I've not looked into this for a few years now so my memory is a little hazy, but my guess is that 1977/8 was just a matter of spending cuts post-1976 and the IMF loan.  IIRC the real step change was in the 60s, when they basically gave up on civil defence.  There was always an intention to keep some form of government going, though, hence the regional command posts and the central government bunker at Corsham.


----------



## pogofish (Aug 6, 2014)

laptop said:


> Then the Soviet Union tested H-bombs large enough to blow the whole lot out of the ground. They carried on building most of them, though...



A lot of the earlier Rotors were only built to withstand heavy conventional bombing and were just retrofitted to deal with fallout, not a full-on strike - but they kept-on building, right up to the R12s, which were being constructed into the early 1970s (and there is stil at least one R12 that has not been declassified to this day)!  Ain't it wonderful how even the high likelihood of failure in a nuclear war was not enough to cancel the construction contracts!


----------



## laptop (Aug 6, 2014)

pogofish said:


> A lot of the earlier Rotors were only built to withstand heavy conventional bombing and were just retrofitted to deal with fallout, not a full-on strike - but they kept-on building, right up to the R12s, which were being constructed into the early 1970s!  Ain't it wonderful how even the high likelihood of failure in a nuclear war was not enough to cancel the construction contracts!
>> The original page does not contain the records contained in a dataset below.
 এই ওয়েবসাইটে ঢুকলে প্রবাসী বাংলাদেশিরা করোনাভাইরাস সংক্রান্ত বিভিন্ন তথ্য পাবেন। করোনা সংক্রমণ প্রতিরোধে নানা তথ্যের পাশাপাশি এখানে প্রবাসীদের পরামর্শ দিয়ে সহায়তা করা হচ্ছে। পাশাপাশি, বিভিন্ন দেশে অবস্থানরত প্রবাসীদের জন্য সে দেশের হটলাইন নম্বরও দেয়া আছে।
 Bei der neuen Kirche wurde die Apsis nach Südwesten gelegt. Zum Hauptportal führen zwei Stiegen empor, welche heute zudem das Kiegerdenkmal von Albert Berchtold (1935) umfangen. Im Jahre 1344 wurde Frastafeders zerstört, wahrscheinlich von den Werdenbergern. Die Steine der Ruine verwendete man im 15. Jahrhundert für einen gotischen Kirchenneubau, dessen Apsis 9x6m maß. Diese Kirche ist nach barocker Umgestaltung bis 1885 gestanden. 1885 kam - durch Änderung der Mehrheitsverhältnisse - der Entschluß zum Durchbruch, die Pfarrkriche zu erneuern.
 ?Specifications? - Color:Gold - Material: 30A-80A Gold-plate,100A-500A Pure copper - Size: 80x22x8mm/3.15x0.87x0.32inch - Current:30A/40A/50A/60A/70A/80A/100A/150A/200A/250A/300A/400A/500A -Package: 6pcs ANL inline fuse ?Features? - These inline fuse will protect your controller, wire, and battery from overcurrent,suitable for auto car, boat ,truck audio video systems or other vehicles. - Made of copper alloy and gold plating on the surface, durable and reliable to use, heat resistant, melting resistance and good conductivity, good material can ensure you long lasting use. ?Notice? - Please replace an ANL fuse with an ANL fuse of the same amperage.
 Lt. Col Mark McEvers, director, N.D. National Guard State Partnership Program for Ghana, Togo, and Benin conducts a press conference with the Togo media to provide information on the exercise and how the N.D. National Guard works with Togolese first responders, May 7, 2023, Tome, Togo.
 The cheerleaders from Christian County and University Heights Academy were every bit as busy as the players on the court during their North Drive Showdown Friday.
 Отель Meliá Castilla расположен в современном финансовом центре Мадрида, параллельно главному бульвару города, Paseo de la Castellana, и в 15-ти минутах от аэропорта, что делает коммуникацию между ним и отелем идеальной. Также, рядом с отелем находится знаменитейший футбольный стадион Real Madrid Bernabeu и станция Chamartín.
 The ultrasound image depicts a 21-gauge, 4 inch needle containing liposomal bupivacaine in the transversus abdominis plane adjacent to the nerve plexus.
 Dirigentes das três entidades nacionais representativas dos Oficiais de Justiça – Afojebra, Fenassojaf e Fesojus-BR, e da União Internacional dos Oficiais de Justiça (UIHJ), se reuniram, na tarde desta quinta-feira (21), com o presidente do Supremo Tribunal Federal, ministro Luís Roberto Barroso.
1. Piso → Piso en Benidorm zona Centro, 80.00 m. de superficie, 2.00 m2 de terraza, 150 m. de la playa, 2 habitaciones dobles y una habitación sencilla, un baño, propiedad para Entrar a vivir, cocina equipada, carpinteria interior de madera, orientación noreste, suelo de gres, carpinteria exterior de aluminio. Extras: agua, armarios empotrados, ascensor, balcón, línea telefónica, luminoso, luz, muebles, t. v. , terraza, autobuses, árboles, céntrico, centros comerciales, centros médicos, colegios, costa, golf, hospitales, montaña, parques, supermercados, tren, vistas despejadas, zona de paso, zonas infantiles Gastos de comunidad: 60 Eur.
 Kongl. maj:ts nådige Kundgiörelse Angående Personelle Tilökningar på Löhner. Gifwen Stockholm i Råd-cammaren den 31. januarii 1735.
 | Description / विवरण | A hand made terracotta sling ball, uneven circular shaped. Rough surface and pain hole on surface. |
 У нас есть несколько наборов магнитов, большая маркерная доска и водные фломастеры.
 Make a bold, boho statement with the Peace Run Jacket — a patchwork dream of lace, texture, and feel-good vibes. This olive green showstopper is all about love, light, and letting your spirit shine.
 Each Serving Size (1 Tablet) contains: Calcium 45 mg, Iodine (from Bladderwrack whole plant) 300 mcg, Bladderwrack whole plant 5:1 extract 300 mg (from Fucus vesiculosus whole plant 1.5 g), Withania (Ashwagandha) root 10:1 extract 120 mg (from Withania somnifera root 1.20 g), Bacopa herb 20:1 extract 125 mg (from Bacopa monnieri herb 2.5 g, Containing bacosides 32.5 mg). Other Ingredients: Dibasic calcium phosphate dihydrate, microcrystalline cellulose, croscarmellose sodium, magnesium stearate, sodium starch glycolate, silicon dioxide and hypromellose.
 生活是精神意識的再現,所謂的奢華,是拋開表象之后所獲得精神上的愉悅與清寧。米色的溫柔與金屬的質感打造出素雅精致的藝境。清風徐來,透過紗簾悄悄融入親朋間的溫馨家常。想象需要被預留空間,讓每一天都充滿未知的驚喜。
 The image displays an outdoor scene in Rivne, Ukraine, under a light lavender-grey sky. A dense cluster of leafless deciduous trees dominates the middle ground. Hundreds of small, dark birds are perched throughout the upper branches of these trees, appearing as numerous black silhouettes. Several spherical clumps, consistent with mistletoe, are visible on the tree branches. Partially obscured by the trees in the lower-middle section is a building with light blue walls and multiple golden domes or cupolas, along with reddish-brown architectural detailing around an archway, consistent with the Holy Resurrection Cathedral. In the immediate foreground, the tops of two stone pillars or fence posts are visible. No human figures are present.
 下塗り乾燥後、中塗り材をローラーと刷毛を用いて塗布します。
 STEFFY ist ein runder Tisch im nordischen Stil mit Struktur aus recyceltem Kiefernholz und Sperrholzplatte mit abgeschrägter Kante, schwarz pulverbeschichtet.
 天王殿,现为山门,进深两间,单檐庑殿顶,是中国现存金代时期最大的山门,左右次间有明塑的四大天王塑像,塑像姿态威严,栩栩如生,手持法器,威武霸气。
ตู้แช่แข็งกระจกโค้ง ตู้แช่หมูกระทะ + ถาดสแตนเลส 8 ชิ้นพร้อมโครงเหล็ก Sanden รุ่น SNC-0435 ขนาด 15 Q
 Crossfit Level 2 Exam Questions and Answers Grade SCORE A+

Have you seen the book _Cold War_ from English Heritage?


----------



## pogofish (Aug 6, 2014)

laptop said:


> Have you seen the book _Cold War_ from English Heritage?



No - is it worth a look?


----------



## Roadkill (Aug 6, 2014)

editor said:


> I think your best bet would have been to be directly under the oncoming missile.









'I know where I'm gonna be if they do drop the bomb: pissed out my mind and straight underneath it.'


----------



## laptop (Aug 6, 2014)

pogofish said:


> No - is it worth a look?



For any bunker spotter, most certainly 

(I had a quick look for references to the Bishopsgate-Holborn cable tunnel and haven't found any online. I'll have to dig out Duncan Campbell's printed account of taking a folding bike down the access cover at Club Row one Boxing Day in the 1970s...)


----------



## pogofish (Aug 6, 2014)

Mr Smin said:


> Anyone with a boat and some notice would have left port so yeah. You can use a boat as a fallout shelter. Sweep crap off the deck and it sinks in the water, which keeps you safe in the short term but won't do your future fish supper any good.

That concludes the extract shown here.